*Dataset*.
-=-=-=-=-
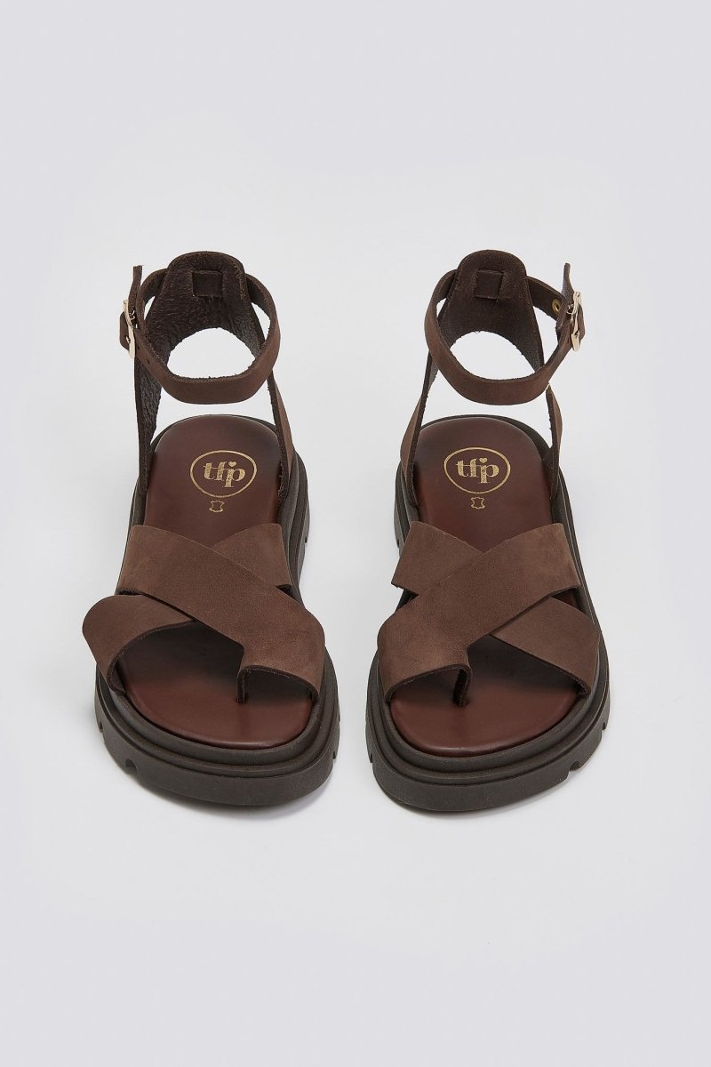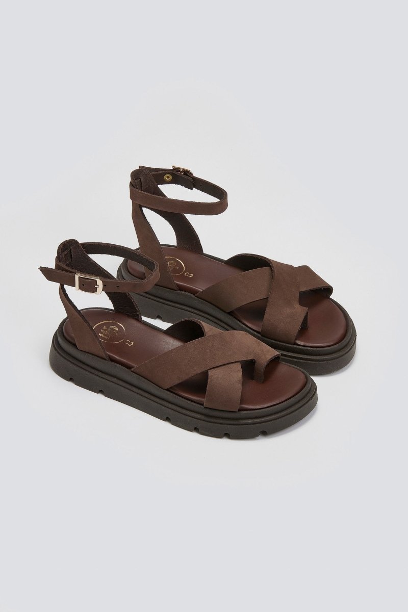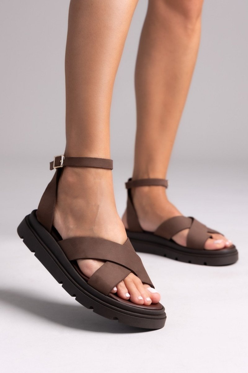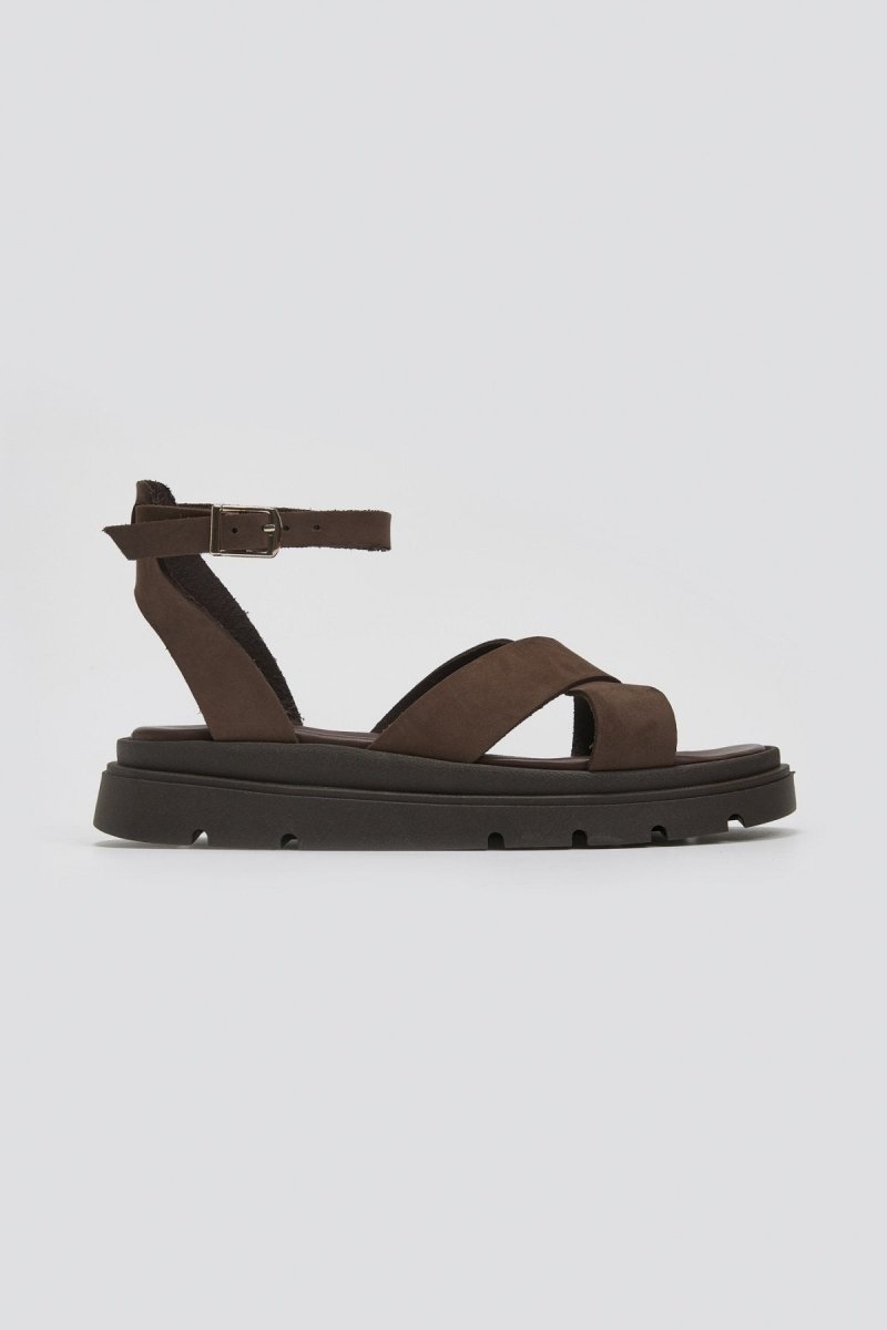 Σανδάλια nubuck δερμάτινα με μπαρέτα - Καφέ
-=-=-=-=-
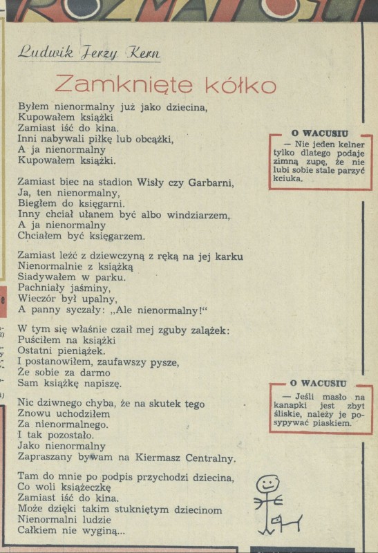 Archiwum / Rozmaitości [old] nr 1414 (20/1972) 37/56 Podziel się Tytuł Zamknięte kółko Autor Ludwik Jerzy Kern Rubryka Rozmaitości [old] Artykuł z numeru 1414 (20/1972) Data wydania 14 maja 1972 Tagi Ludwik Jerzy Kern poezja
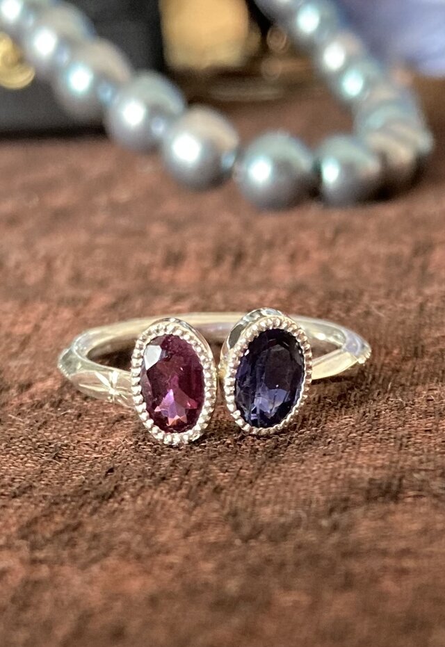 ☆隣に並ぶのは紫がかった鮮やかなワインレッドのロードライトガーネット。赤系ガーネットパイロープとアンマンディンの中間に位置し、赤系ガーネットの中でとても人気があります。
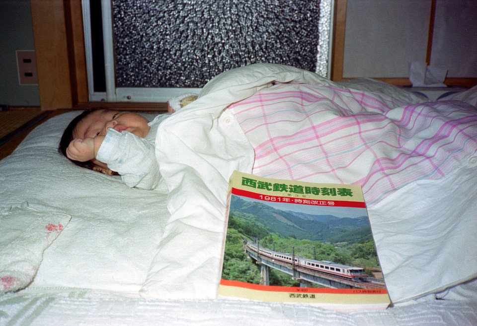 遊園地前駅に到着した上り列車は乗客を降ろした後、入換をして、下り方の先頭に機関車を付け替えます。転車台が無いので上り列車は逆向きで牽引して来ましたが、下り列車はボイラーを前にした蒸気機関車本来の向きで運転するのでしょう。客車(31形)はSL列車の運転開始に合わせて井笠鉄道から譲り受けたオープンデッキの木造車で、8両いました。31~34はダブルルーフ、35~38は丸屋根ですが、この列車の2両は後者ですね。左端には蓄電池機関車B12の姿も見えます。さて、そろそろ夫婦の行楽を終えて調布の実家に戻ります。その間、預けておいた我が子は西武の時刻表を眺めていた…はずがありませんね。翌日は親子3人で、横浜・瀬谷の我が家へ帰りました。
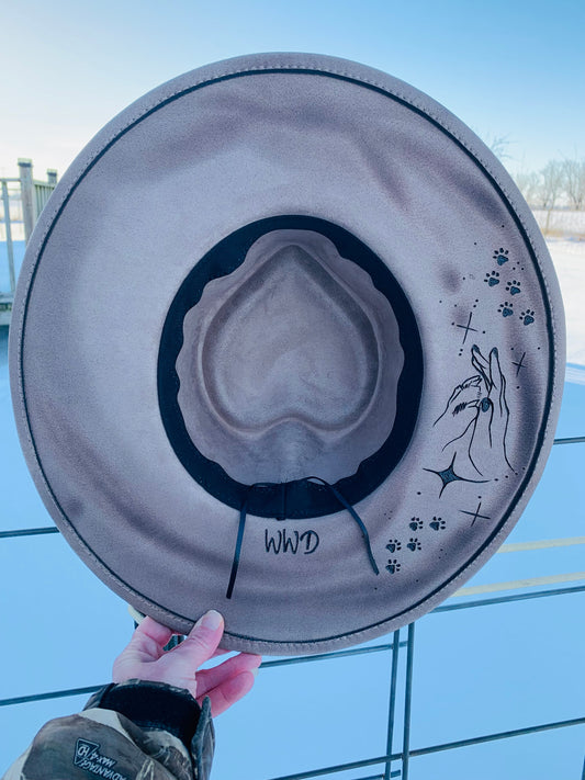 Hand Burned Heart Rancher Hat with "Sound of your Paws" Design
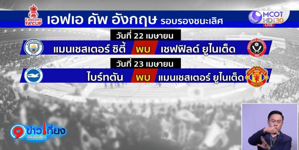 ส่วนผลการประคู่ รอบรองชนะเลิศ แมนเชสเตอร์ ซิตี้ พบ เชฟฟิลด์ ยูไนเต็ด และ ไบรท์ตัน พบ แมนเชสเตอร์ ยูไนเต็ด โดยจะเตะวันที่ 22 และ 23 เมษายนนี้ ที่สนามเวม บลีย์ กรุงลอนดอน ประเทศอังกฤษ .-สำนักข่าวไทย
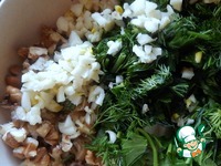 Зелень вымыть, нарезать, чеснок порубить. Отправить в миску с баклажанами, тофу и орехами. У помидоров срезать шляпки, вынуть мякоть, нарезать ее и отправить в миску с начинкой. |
-=-=-=-=-
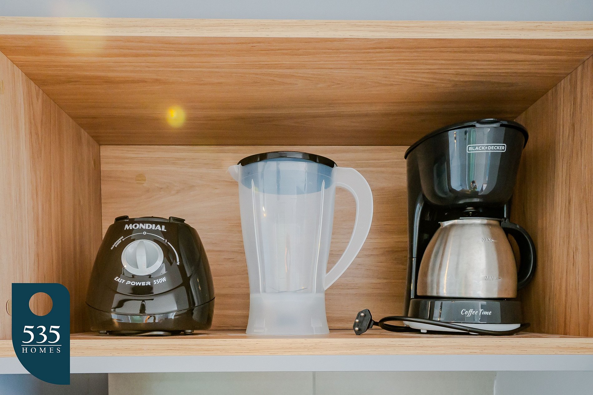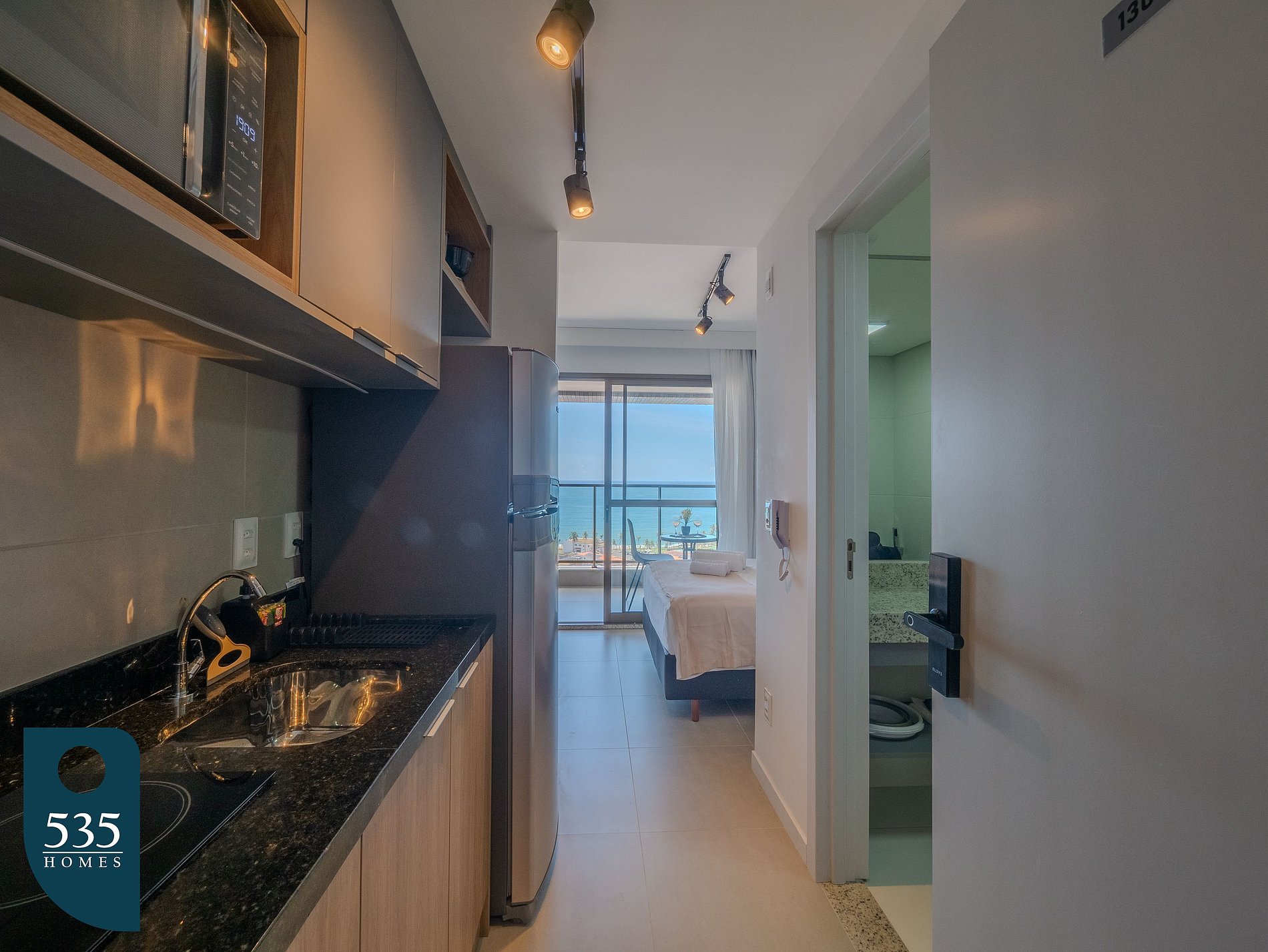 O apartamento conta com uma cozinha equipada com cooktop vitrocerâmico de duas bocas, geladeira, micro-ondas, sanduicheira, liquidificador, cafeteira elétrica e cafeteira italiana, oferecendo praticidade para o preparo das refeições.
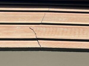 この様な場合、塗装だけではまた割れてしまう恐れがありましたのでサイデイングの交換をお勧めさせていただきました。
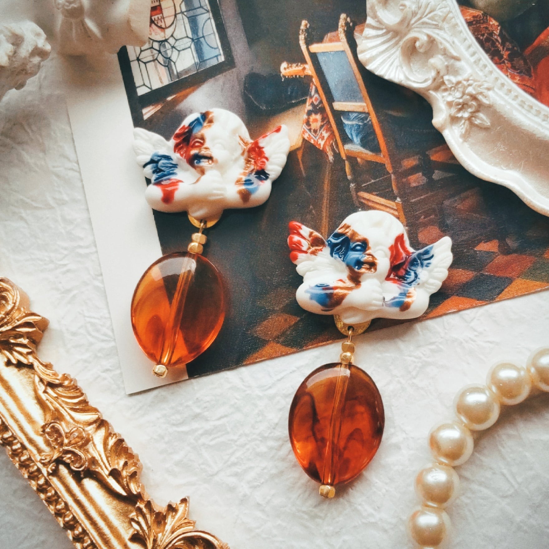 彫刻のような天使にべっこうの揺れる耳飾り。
-=-=-=-=-
*Work item*. An exact transcription is needed of the lines from the one with "この様な場合、塗装だけではま" to the one with "彫刻のような天使にべっこうの揺れる耳飾り。" above, both ends included, with pictures left out.

*Worked solution*.
 この様な場合、塗装だけではまた割れてしまう恐れがありましたのでサイデイングの交換をお勧めさせていただきました。
 彫刻のような天使にべっこうの揺れる耳飾り。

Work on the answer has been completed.